### Extracted entries
Content starts

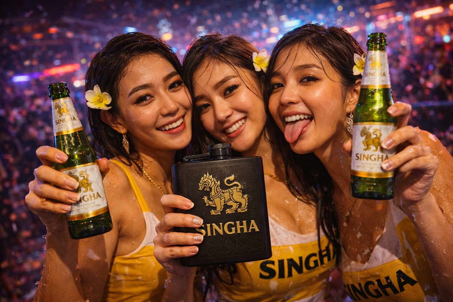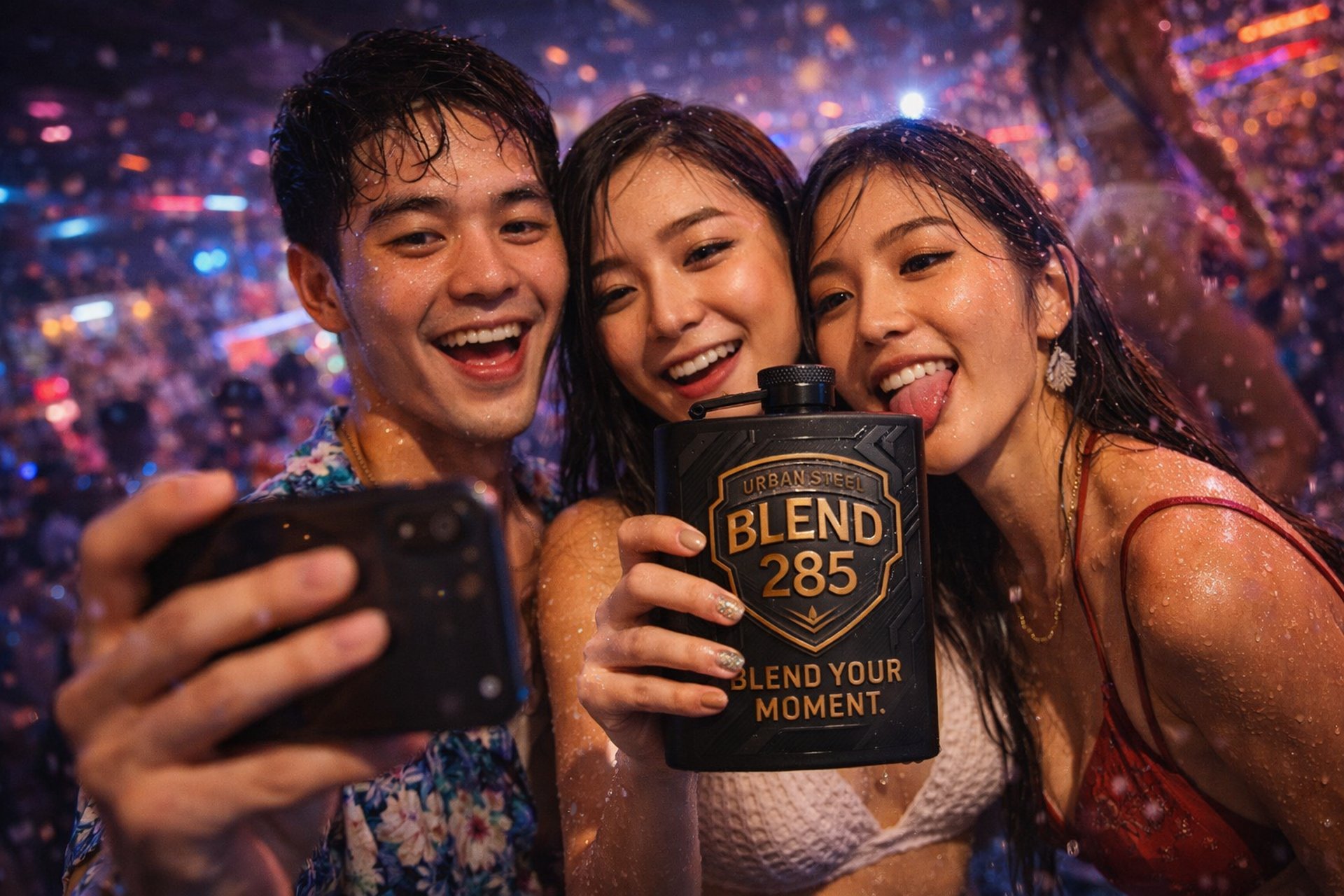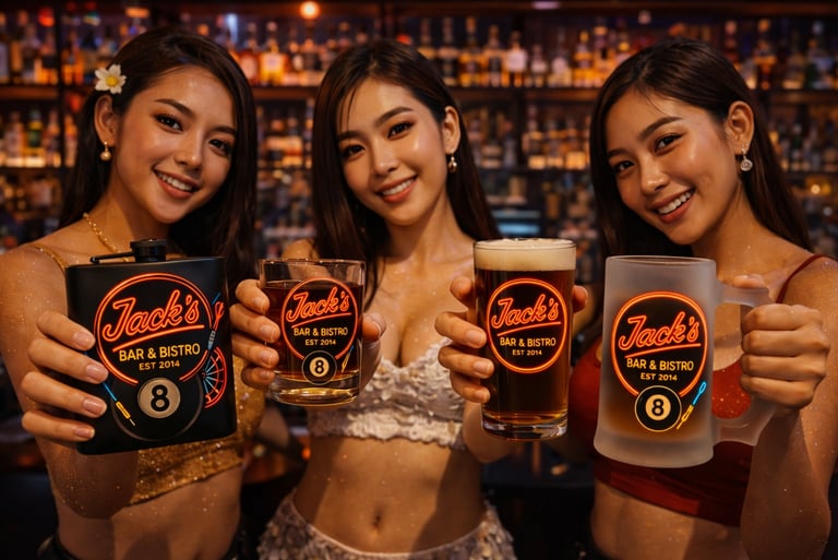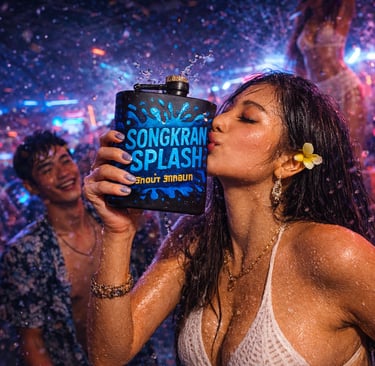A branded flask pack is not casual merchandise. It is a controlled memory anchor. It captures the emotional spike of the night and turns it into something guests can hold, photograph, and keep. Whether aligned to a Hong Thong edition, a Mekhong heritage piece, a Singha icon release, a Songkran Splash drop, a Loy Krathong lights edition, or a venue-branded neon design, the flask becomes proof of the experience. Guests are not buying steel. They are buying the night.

Content ends
Content starts

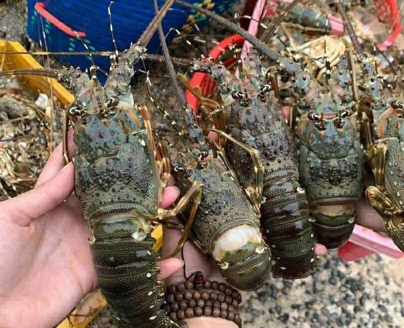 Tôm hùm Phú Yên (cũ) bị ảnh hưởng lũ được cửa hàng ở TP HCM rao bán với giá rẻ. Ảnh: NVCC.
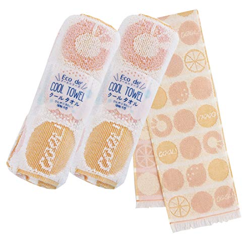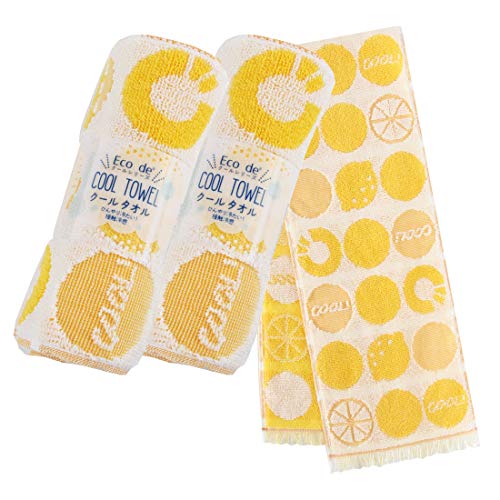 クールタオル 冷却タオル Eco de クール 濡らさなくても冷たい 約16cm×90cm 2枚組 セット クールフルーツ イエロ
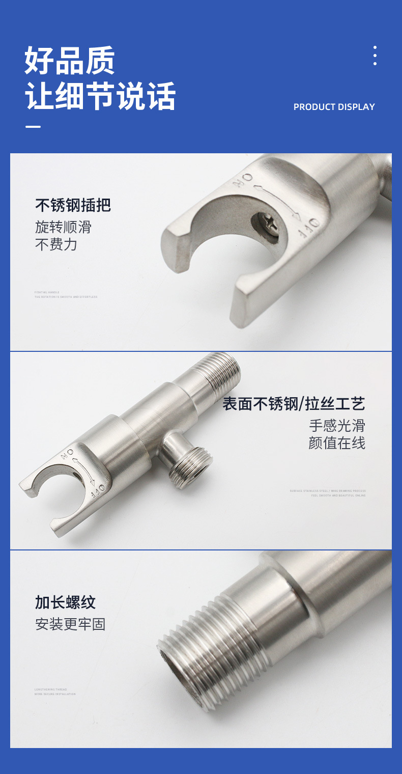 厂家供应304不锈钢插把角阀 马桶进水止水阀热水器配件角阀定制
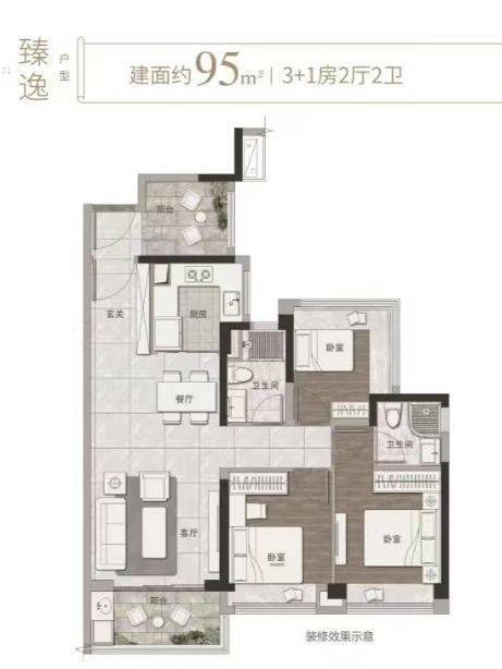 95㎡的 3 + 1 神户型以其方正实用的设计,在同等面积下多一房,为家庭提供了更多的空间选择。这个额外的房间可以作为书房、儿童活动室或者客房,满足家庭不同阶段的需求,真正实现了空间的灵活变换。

Content ends

### Directions
Without the pictures, give again exactly the lines above starting at the line containing "Tôm hùm Phú" and ending at the line containing "厂家供应304不锈钢插把角阀 马桶进水止水阀热水器配件角阀定制".

### Result
 Tôm hùm Phú Yên (cũ) bị ảnh hưởng lũ được cửa hàng ở TP HCM rao bán với giá rẻ. Ảnh: NVCC.
 クールタオル 冷却タオル Eco de クール 濡らさなくても冷たい 約16cm×90cm 2枚組 セット クールフルーツ イエロ
 厂家供应304不锈钢插把角阀 马桶进水止水阀热水器配件角阀定制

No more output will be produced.